There is a scene, about 3/4s of the way through, involving a hand on a car window during a moment of passion that reminded me of Titanic. Except it's more like a reversal of that moment, or better yet a desperate attempt to reclaim something like passion.

One wonders how sympathetic we are to feel towards these characters. When I was trying to explain to a friend an odd theme in the movie I said that they were caught playing a role even when they didn't want to. He remarked that the self-awareness must be like another role itself, ad infinitum.

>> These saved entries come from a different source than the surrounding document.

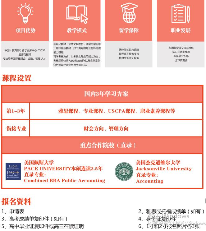 采用会计教育与美国注册会计师教育相互融合的模式,利用国际教育资源,创新国际化人才培养,学生完成国内阶段课程考试,可衔接国外大学,获得国外本科学位。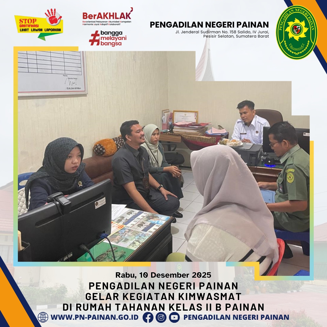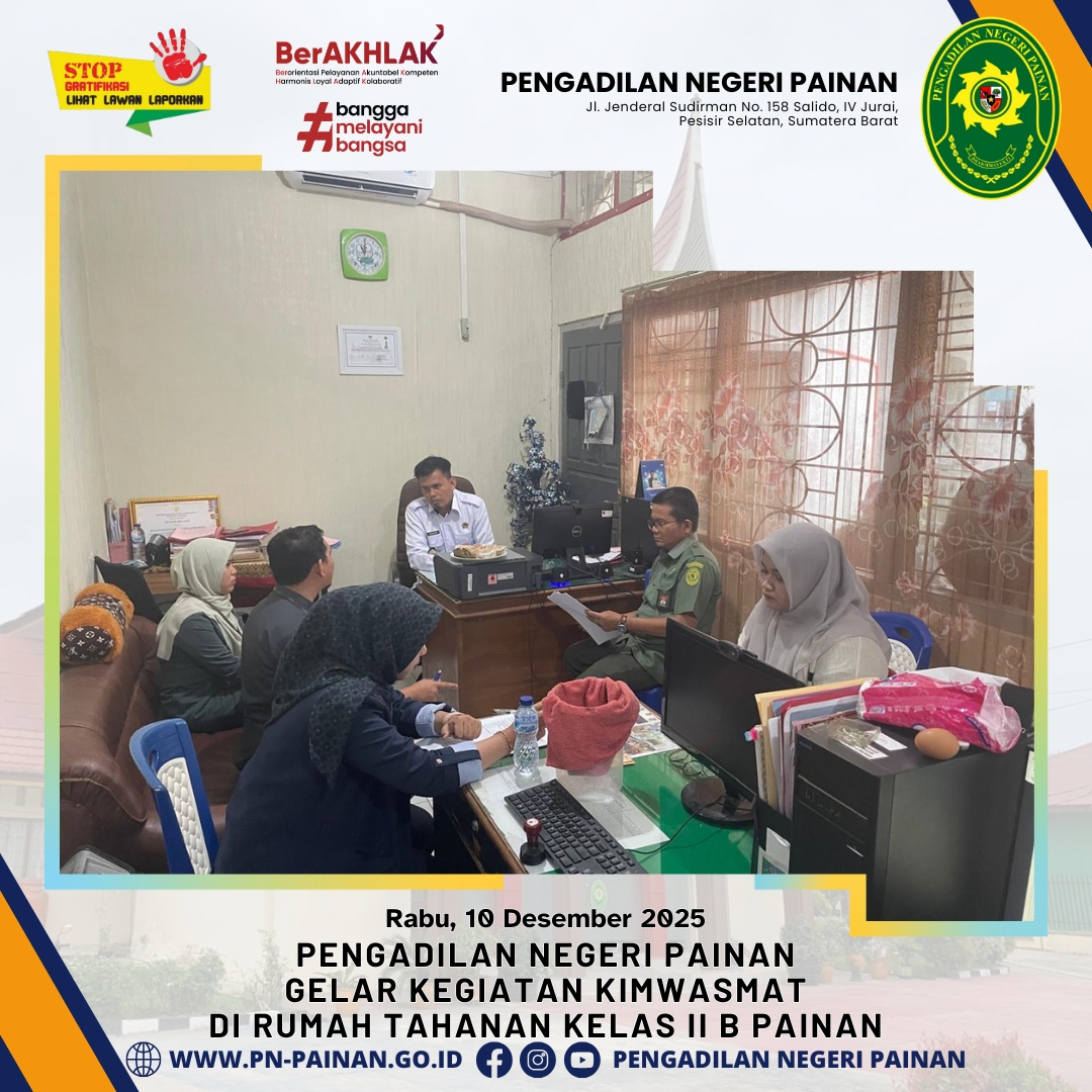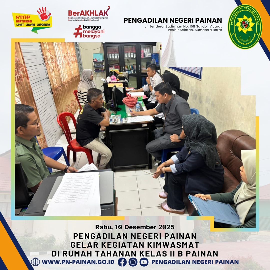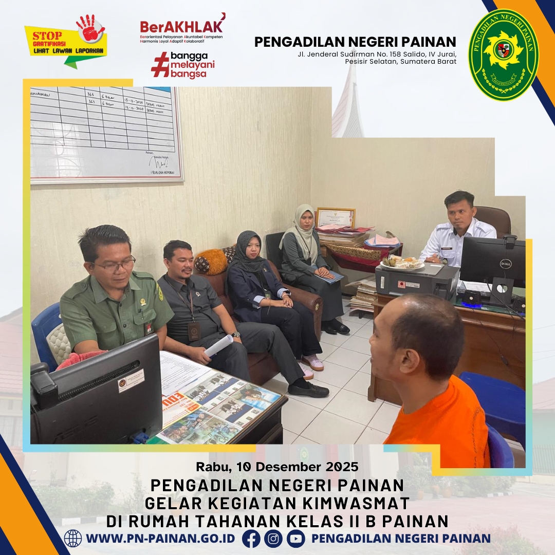 Dalam rangka menjalankan fungsi pengawasan dan pembinaan, Pengadilan Negeri Painan melaksanakan kegiatan KIMWASMAT di Rumah Tahanan Negara Kelas II B Painan.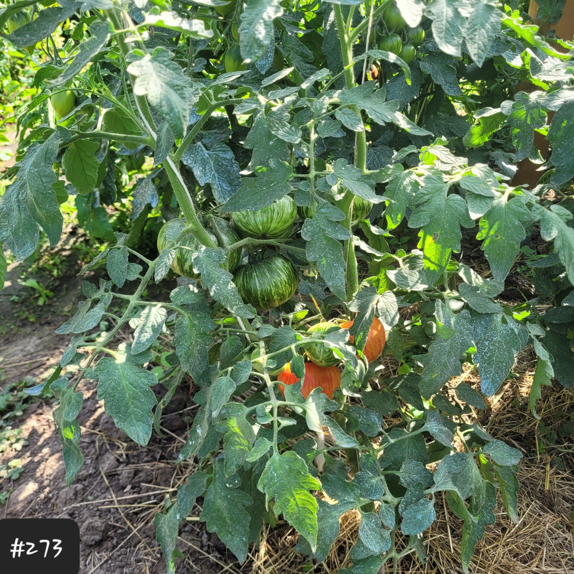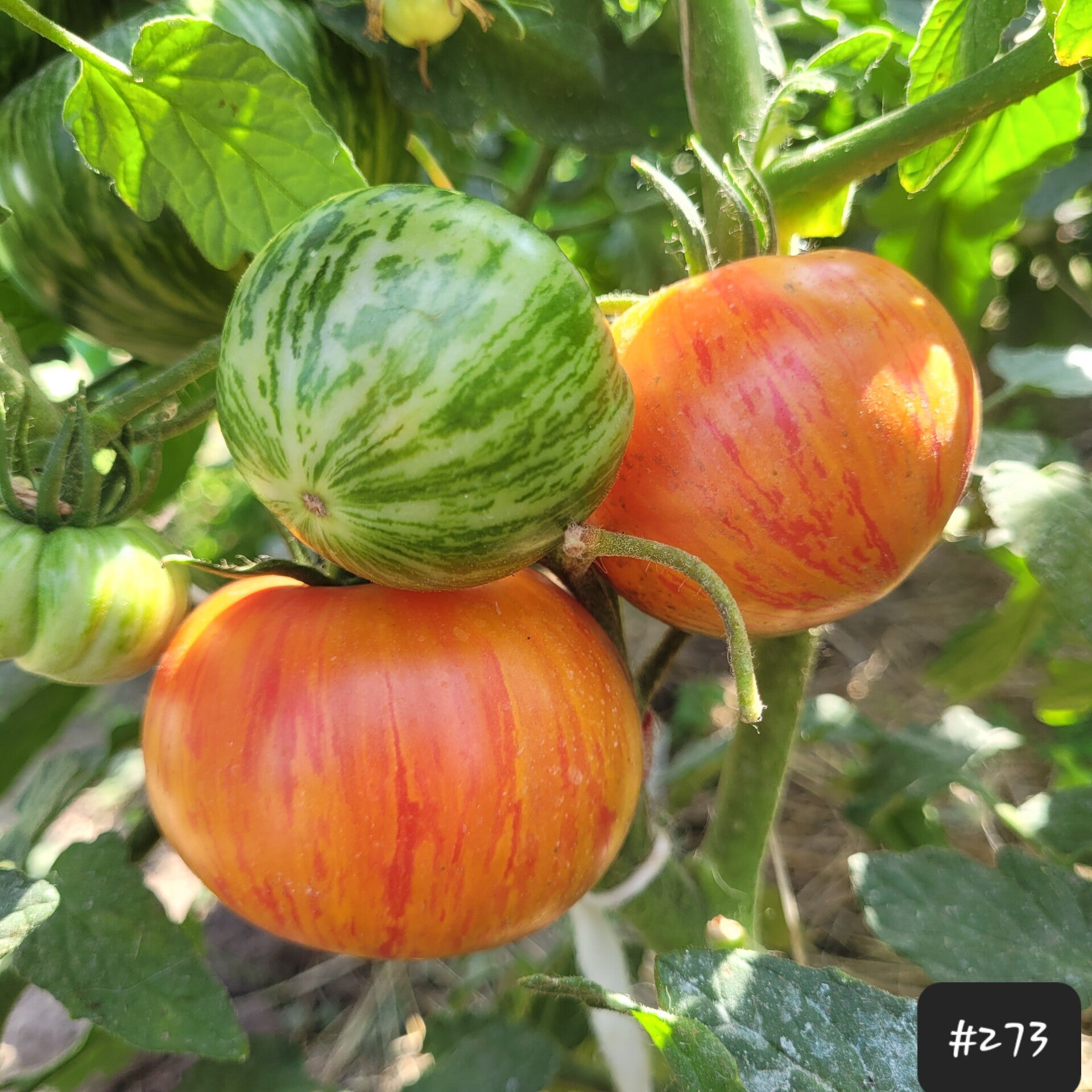 Eine große flachrunde Fleischtomate, deren gelbe Haut wunderschön mit roten Streifen überzogen ist. Und auch das Fruchtfleisch ist mehrfarbig, gelb-orange und zur Mitte hin rötlich.

I think that "ad infinitum" actually captures exactly what I was thinking. To use a wildly pretentious phrase, it's the "infinity of boredom"--the "emptiness and hopelessness" as it's said in the movie. Even the despair is a hollow put-on, a show more than substance. And so that "emptiness" escapes from a simplistic attack on suburban tedium to become something much larger, much more intrusive and threatening for the audience. Something we can't condescend to (which the audience I saw it with seemed eager to do--as if things happening in the 50s are funny just by virtue of being in the 50s!). There would seem to be no way out, no way to be real, to "really feel things" as Frank puts it. The true tragedy of the story becomes evident in their descriptions of what "really feeling things" would be, it's either cliched or vague and undefined. Soon it becomes obvious that they've never really felt anything at all. Even their means of escape (dashing off to France, a banal cliche to everyone who hears it) is somehow staged, phony, just another example of bad acting...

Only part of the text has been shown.